» **WHAT YOU ARE ASKED TO DO**
Repeat every entry word for word, skipping the pictures.

» **PROVIDED RECORDS**
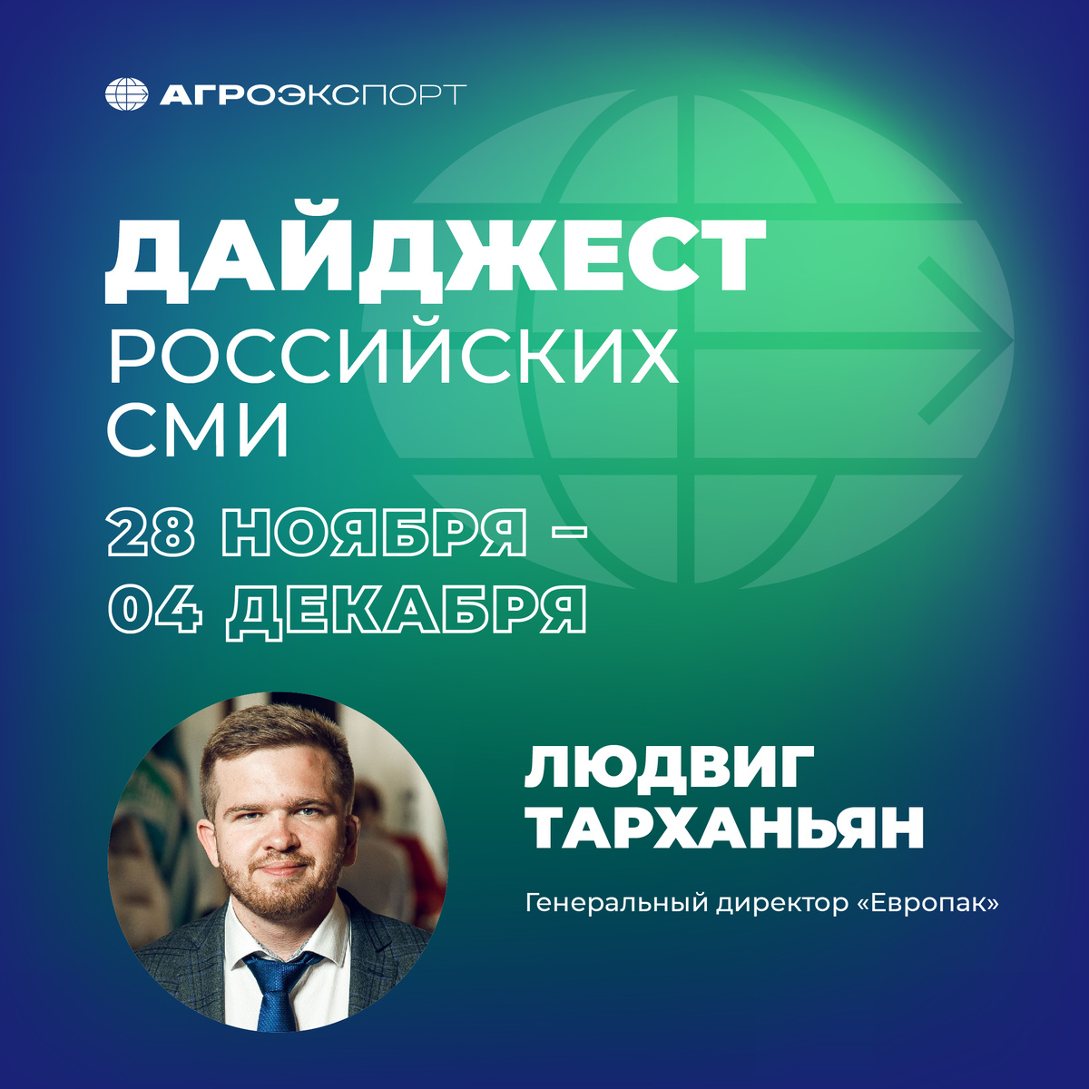 Читайте в свежем выпуске: ✅В 2025 году квота на экспорт пшеницы составит 11 млн тонн; 📊Россия за 10 месяцев увеличила экспорт макаронных изделий в 1,5 раза; 🌻Доля ГК «Европак» в экспорте растительных масел из России по итогам 10 месяцев 2024 превысила 13%; ❌Правительство России продлило продовольственное эмбарго до конца 2026 года; ✔В рамках деловой миссии российских агроэкспортеров в Саудовской Аравии прошло более 210 b2b-встреч; 👍ГК «Дамате» начнет экспорт донской индейки и утки в Египет. Специальный комментарий — генерального директора «Европак» Людвига Тарханьяна о планах по развитию экспортного направления в 2025 году.
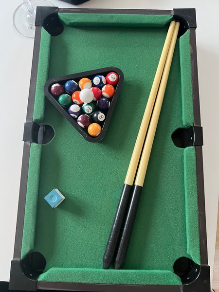 Minibiljardbord med tillbehör. Inkluderar biljardbollar, två köer och en triangel.
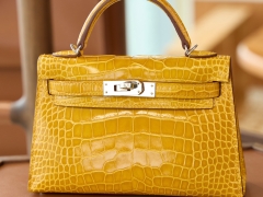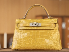 爱马仕 Mini Kelly II 迷你凯莉二代 亮面鳄鱼皮 琥珀黄银扣 Mini Kelly II
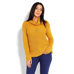 Klasický sveter s neobvyklým prešívaním. Rolák. Sveter s dlhými rukávmi.
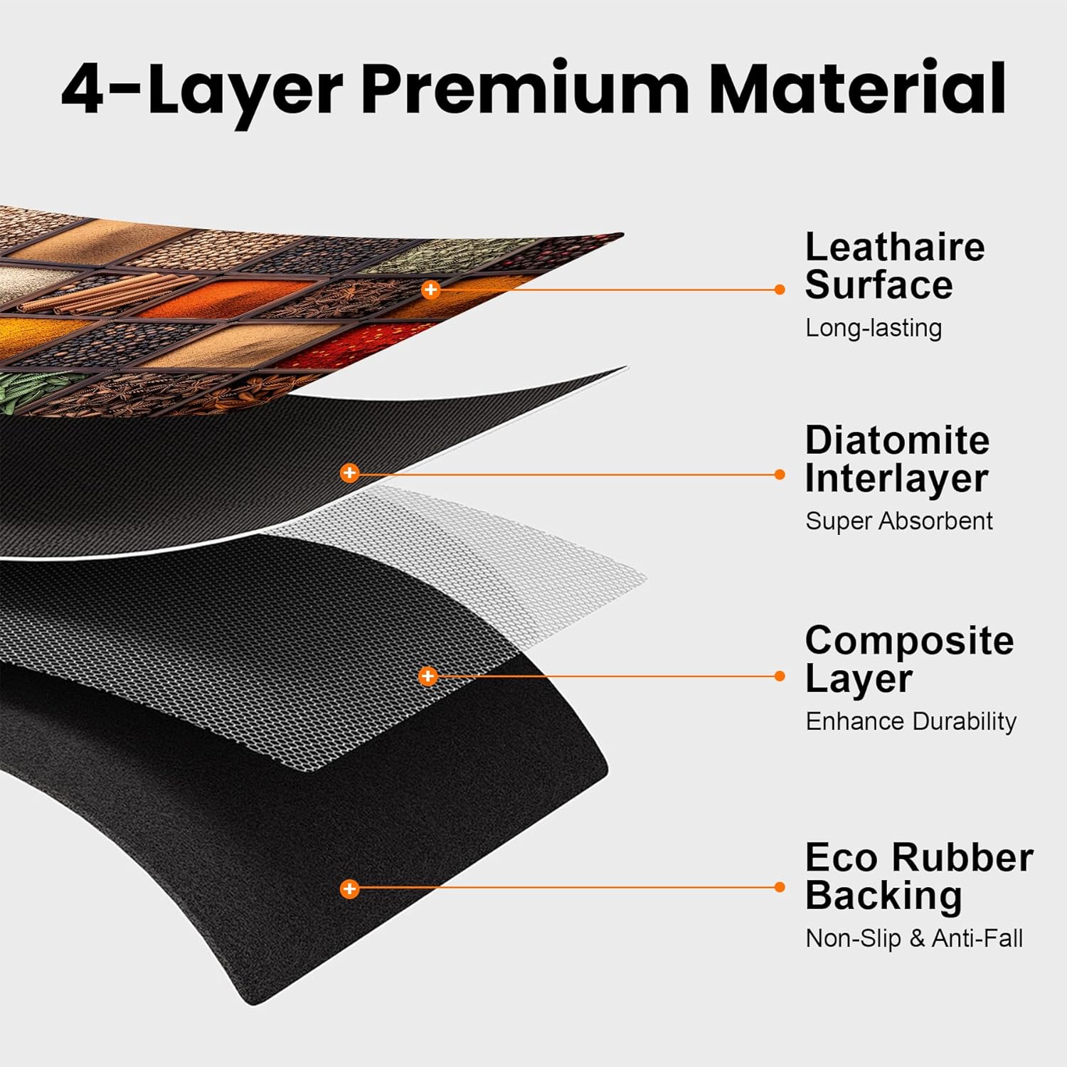 - Premium Coffee Mat - BVBOX 17"x 32" coffee bar mat is made of durable and tear-resistant materials, ensuring long-lasting durability. Its four-layer design features super water absorption, leak-proof and anti-slip performance, providing reliable protection for your countertop.
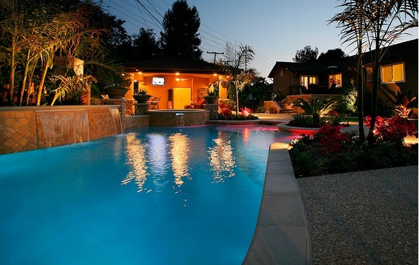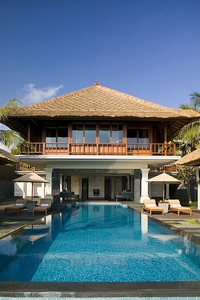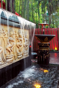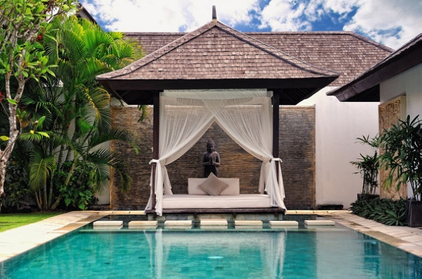 东南亚花园必备元素:具有象征意义的雕塑、大面积的游泳池、热带植物、砖红色的门、粗糙的墙壁等;
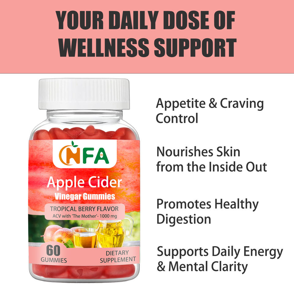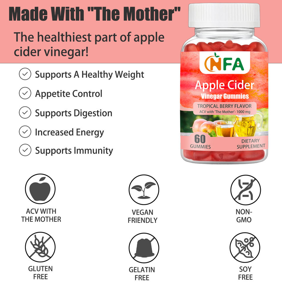 เยลลี่น้ำส้มสายชูหมักแอปเปิ้ล OEM ผสมวิตามินบี โอลีน โฟเลต ช่วยเสริมพลังงานประจำวัน บำรุงสมอง ช่วยย่อยอาหารอย่างดี
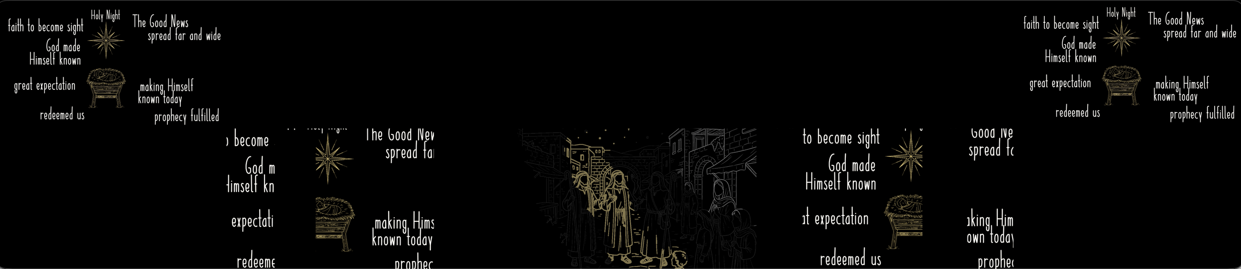Sometimes the best creative decisions come through iteration and rejection. The traditional Christmas color palette felt cheap and tasteless. Glow effects looked great on screen but were overwhelming in the actual room. The breakthrough was simplicity: white line art with strategic gold accents that signified holiness, importance, and gave the entire piece a more sophisticated, elevated feel.
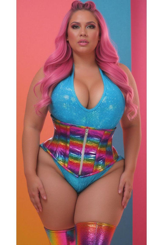 Rainbow Glitter Hologram Steel Boned Waist Cincher
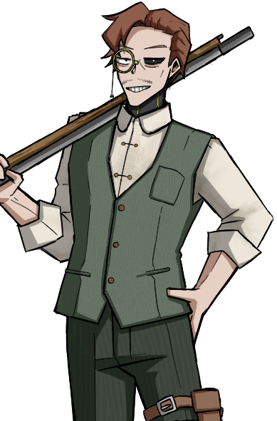 胡散臭いヒゲ面かつにやけ面。背が高い。
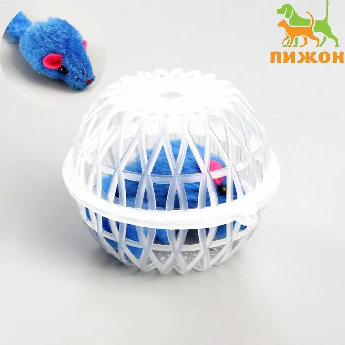 Мышь в пластиковом шаре, 7 х 5 см, прозрачный шар/синяя мышь — Характеристики
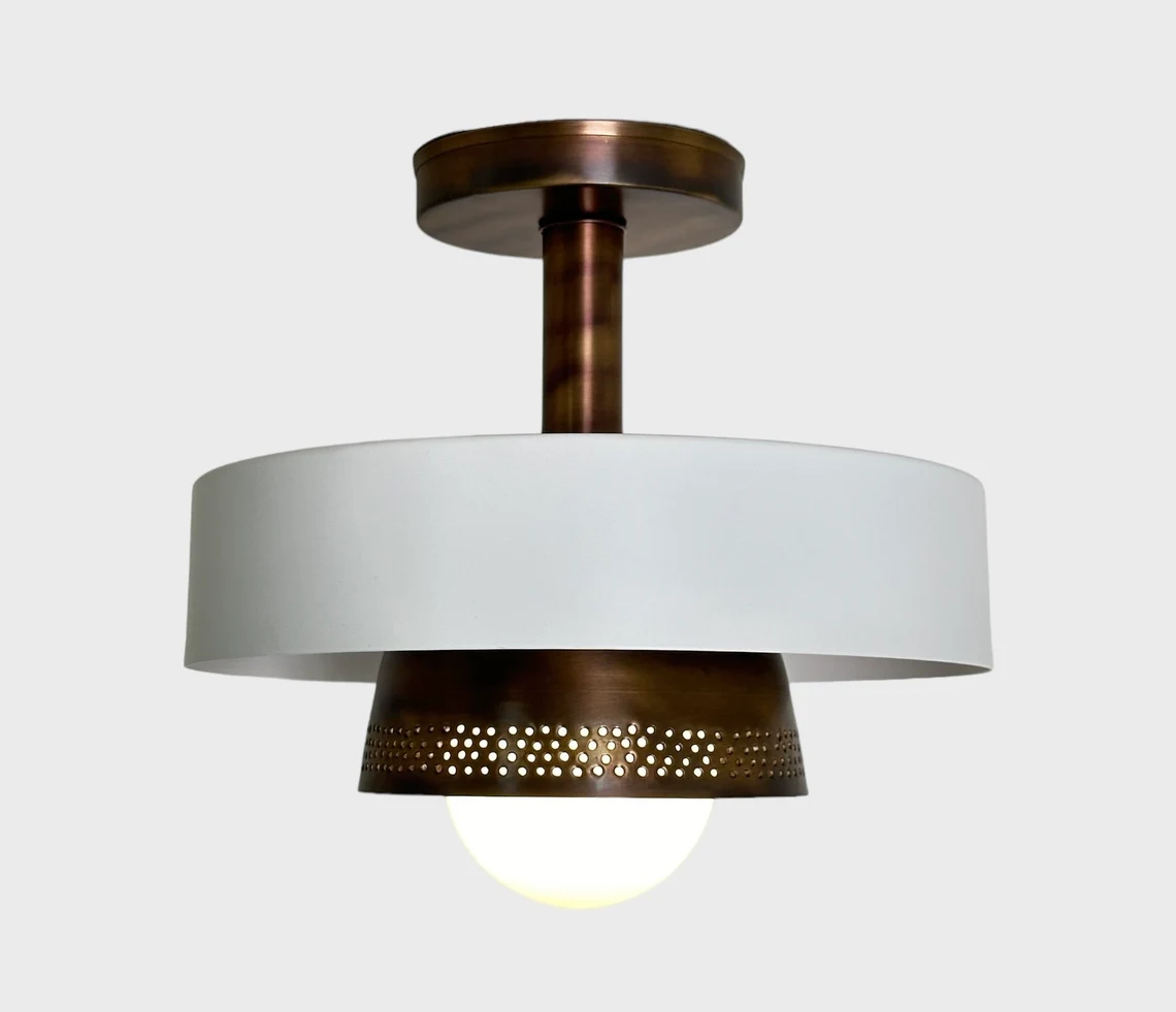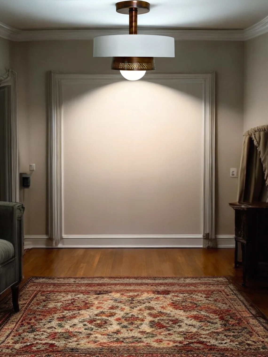 The fixture is designed to sit flush against the ceiling, meaning it doesn’t hang down but rather rests close to the ceiling. This makes it ideal for rooms with lower ceilings or for creating a sleek, streamlined look. The combination of brass and milk glass can evoke a vintage or mid-century modern feel, but it can also be versatile enough to complement various decor styles, from traditional to contemporary.
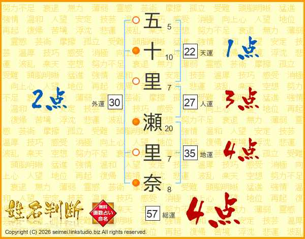 五(5画)十(10画)里(7画) 瀬(20画)里(7画)奈(8画)

» **WRITTEN ANSWER**
 Читайте в свежем выпуске: ✅В 2025 году квота на экспорт пшеницы составит 11 млн тонн; 📊Россия за 10 месяцев увеличила экспорт макаронных изделий в 1,5 раза; 🌻Доля ГК «Европак» в экспорте растительных масел из России по итогам 10 месяцев 2024 превысила 13%; ❌Правительство России продлило продовольственное эмбарго до конца 2026 года; ✔В рамках деловой миссии российских агроэкспортеров в Саудовской Аравии прошло более 210 b2b-встреч; 👍ГК «Дамате» начнет экспорт донской индейки и утки в Египет. Специальный комментарий — генерального директора «Европак» Людвига Тарханьяна о планах по развитию экспортного направления в 2025 году.
 Minibiljardbord med tillbehör. Inkluderar biljardbollar, två köer och en triangel.
 爱马仕 Mini Kelly II 迷你凯莉二代 亮面鳄鱼皮 琥珀黄银扣 Mini Kelly II
 Klasický sveter s neobvyklým prešívaním. Rolák. Sveter s dlhými rukávmi.
 - Premium Coffee Mat - BVBOX 17"x 32" coffee bar mat is made of durable and tear-resistant materials, ensuring long-lasting durability. Its four-layer design features super water absorption, leak-proof and anti-slip performance, providing reliable protection for your countertop.
 东南亚花园必备元素:具有象征意义的雕塑、大面积的游泳池、热带植物、砖红色的门、粗糙的墙壁等;
 เยลลี่น้ำส้มสายชูหมักแอปเปิ้ล OEM ผสมวิตามินบี โอลีน โฟเลต ช่วยเสริมพลังงานประจำวัน บำรุงสมอง ช่วยย่อยอาหารอย่างดี
Sometimes the best creative decisions come through iteration and rejection. The traditional Christmas color palette felt cheap and tasteless. Glow effects looked great on screen but were overwhelming in the actual room. The breakthrough was simplicity: white line art with strategic gold accents that signified holiness, importance, and gave the entire piece a more sophisticated, elevated feel.
 Rainbow Glitter Hologram Steel Boned Waist Cincher
 胡散臭いヒゲ面かつにやけ面。背が高い。
 Мышь в пластиковом шаре, 7 х 5 см, прозрачный шар/синяя мышь — Характеристики
 The fixture is designed to sit flush against the ceiling, meaning it doesn’t hang down but rather rests close to the ceiling. This makes it ideal for rooms with lower ceilings or for creating a sleek, streamlined look. The combination of brass and milk glass can evoke a vintage or mid-century modern feel, but it can also be versatile enough to complement various decor styles, from traditional to contemporary.
 五(5画)十(10画)里(7画) 瀬(20画)里(7画)奈(8画)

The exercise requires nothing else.